What is Carbon Neutrality?

Carbon neutrality is the state in which carbon dioxide emissions produced by human activities are neutralised by an equal amount of carbon dioxide being removed from the atmosphere, leading to a net-zero impact on the environment. Achieving carbon neutrality involves a combination of reducing emissions through more sustainable practices, along with removing emissions through nature-based or engineered solutions.

What is the Difference between Carbon Neutral and Carbon Negative?

  • Carbon Neutral: This status is achieved when the amount of CO2 a company emits is neutralised by the amount it removes or avoids, resulting in a net zero carbon footprint.
  • Carbon Negative and Climate Positive: These terms are synonymous, indicating that a company removes more CO2 from the atmosphere than it emits, thereby contributing positively to climate mitigation.

What is the Difference Between Carbon Neutral, Climate Neutral and Net Zero?

  • Climate Neutral broadens the scope beyond CO2 to include all greenhouse gases (GHGs), addressing a wider array of emissions in climate mitigation strategies.
  • Net Zero represents a comprehensive approach, aiming to reduce all GHG emissions to the lowest achievable levels.
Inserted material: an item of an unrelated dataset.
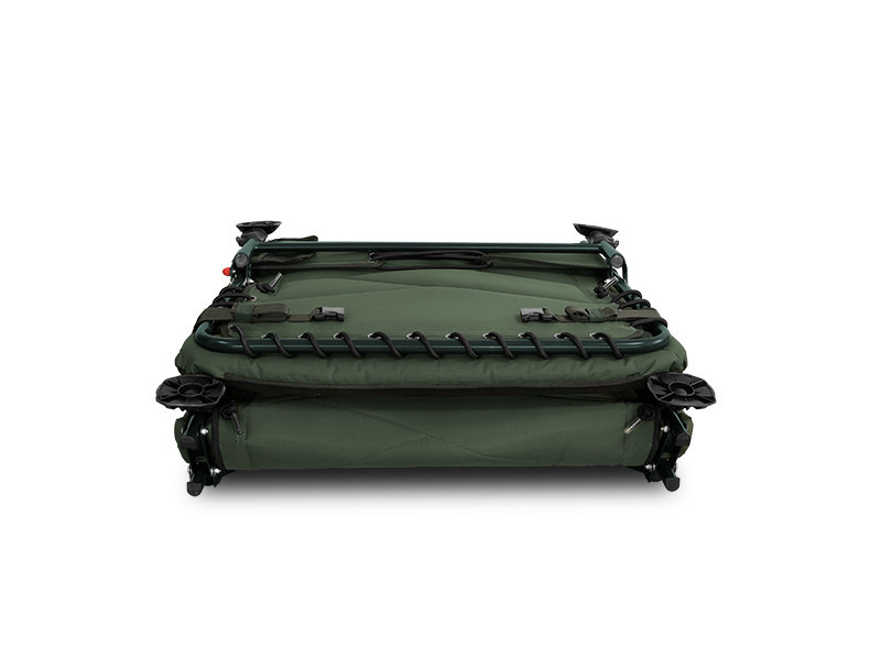 The bed's base is a stable and lightweight structure, which is also highly resistant to mechanical damage. The frame is covered with a thoroughly padded, quilted mattress, whose fleece surface is warm and soft to the touch. Additionally, it is covered with a durable 600D fabric with C2G design on its side. The headrest is green and features extra fleece padding for even greater comfort. The middle section is reinforced from below, and the mattress firmness can be adjusted with a rubber strap.
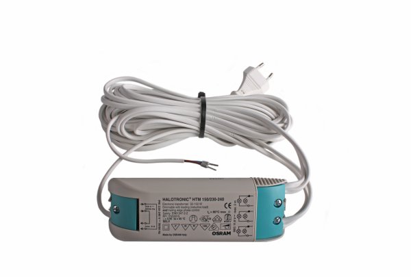 Osram Halotronic HTM 150/230-240 elektronische halogeen transformator 12V 50-150W compleet bedraad met netsnoer en 2 snoeren voor de lampen 75W

Any remaining emissions are neutralised by equivalent removals, making it the most inclusive term for global climate action efforts.

Frameworks and Regulations for Carbon Neutrality

  • The European Climate Law, part of the European Green Deal, underscores the EU's commitment to carbon neutrality by 2050, highlighting the role of natural carbon sinks and the need for robust legislation to reduce emissions and enhance carbon sequestration.
  • The Greenhouse Gas Protocol (GHGP) provides the world's most widely used greenhouse gas accounting standards.
  • The Science Based Targets initiative (SBTi) helps companies set emissions reduction targets in line with climate science.
  • ISO 14064 provides international standards for quantifying, monitoring, reporting, and verifying carbon emissions.
  • The Carbon Disclosure Project (CDP) encourages companies to disclose their environmental impact and strategies for managing climate change, water, and deforestation risks.